> Ahh ok. If those are your only fieldType definitions, and most of your
> config is copied from the default, then SOLR-13336 is unlikely to be the
> culprit. Looking at more general options, off the top of my head:
> 1. make sure you haven't allocated all physical memory to heap (leave a
> decent amount for OS page cache)
> 2. disable swap, if you can (this is esp. important if using network
> storage as swap). There are potential downsides to this (so proceed with
> caution); but if part of your heap gets swapped out (and it almost
> certainly will, with a sufficiently large heap) full GCs lead to a swap
> storm that compounds the problem. (fwiw, this is probably the first thing
> I'd recommend looking into and trying, because it's so easy, and can in
> some cases yield a dramatic improvement. N.b., I'm talking about `swapoff
> -a`, not `sysctl -w vm.swappiness=0` -- I find that the latter does *not*
> eliminate swapping in the way that's needed to achieve the desired goal in
> this case. Again, exercise caution in doing this, discuss, research, etc.).
> Related documentation was added in 8.5, but absolutely applies to 7.3.1 as
> well:
>
https://lucene.apache.org/solr/guide/8_7/taking-solr-to-production.html#avoid-swapping-nix-operating-systems> -- the note there about "lowering swappiness" being an acceptable
> alternative contradicts my experience, but I suppose ymmv?
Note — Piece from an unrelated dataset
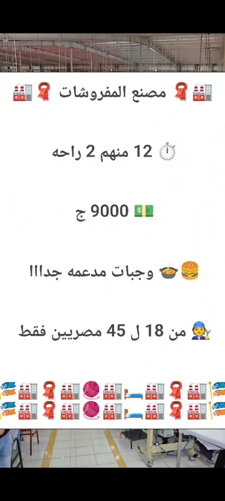 مطلوب شباب لمصنع جديد في العاشر من رمضان مصنع مفروشات ببطاقتك واستلم شغلك سكن مفروش كامل مجانا وجبتين كل يوم مجانا مرتب 9000 جنيه العمل 12 ساعة منهم 2 راحة السن من 18 الى 45 مصريين

> 3. if you're faceting on fields -- especially high-cardinality fields (many
> values) -- make sure that you have `docValues=true, uninvertible=false`
> configured (to ensure that you're not building large on-heap data
> structures when there's an alternative that doesn't require it.
>
> These are all recommendations that are explained in more detail by others
> elsewhere; I think they should all apply to 7.3.1; fwiw, I would recommend
> upgrading if you have the (human) bandwidth to do so. Good luck!
>
> Michael
>
> On Tue, Jan 12, 2021 at 8:39 AM Jeremy Smith <
[hidden email]> wrote:
>
>> Thanks Michael,
>> SOLR-13336 seems intriguing. I'm not a solr expert, but I believe
>> these are the relevant sections from our schema definition:
>>
>> <fieldType name="specimenId" class="solr.TextField"
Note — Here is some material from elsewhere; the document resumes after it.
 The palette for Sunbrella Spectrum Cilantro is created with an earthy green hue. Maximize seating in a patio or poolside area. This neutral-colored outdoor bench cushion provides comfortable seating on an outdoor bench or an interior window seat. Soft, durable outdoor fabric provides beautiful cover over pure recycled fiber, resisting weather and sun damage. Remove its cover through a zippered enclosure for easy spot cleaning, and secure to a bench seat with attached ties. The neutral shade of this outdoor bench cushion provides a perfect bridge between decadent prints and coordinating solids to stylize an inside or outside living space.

>> positionIncrementGap="100">
>> <analyzer type="index">
>> <tokenizer class="solr.StandardTokenizerFactory"/>
>> <filter class="solr.LowerCaseFilterFactory"/>
>> </analyzer>
>> <analyzer type="query">
>> <tokenizer class="solr.StandardTokenizerFactory"/>
>> <filter class="solr.LowerCaseFilterFactory"/>
>> </analyzer>
>> </fieldType>
>> <fieldType name="ml_text_general" class="solr.TextField"
>> positionIncrementGap="100" multiValued="false">
>> <analyzer type="index">
>> <tokenizer class="solr.StandardTokenizerFactory"/>
>> <filter class="solr.StopFilterFactory" ignoreCase="true"
>> words="stopwords.txt" />
>> <filter class="solr.LowerCaseFilterFactory"/>
>> </analyzer>
>> <analyzer type="query">
>> <tokenizer class="solr.StandardTokenizerFactory"/>
>> <filter class="solr.StopFilterFactory" ignoreCase="true"
>> words="stopwords.txt" />
>> <filter class="solr.SynonymGraphFilterFactory"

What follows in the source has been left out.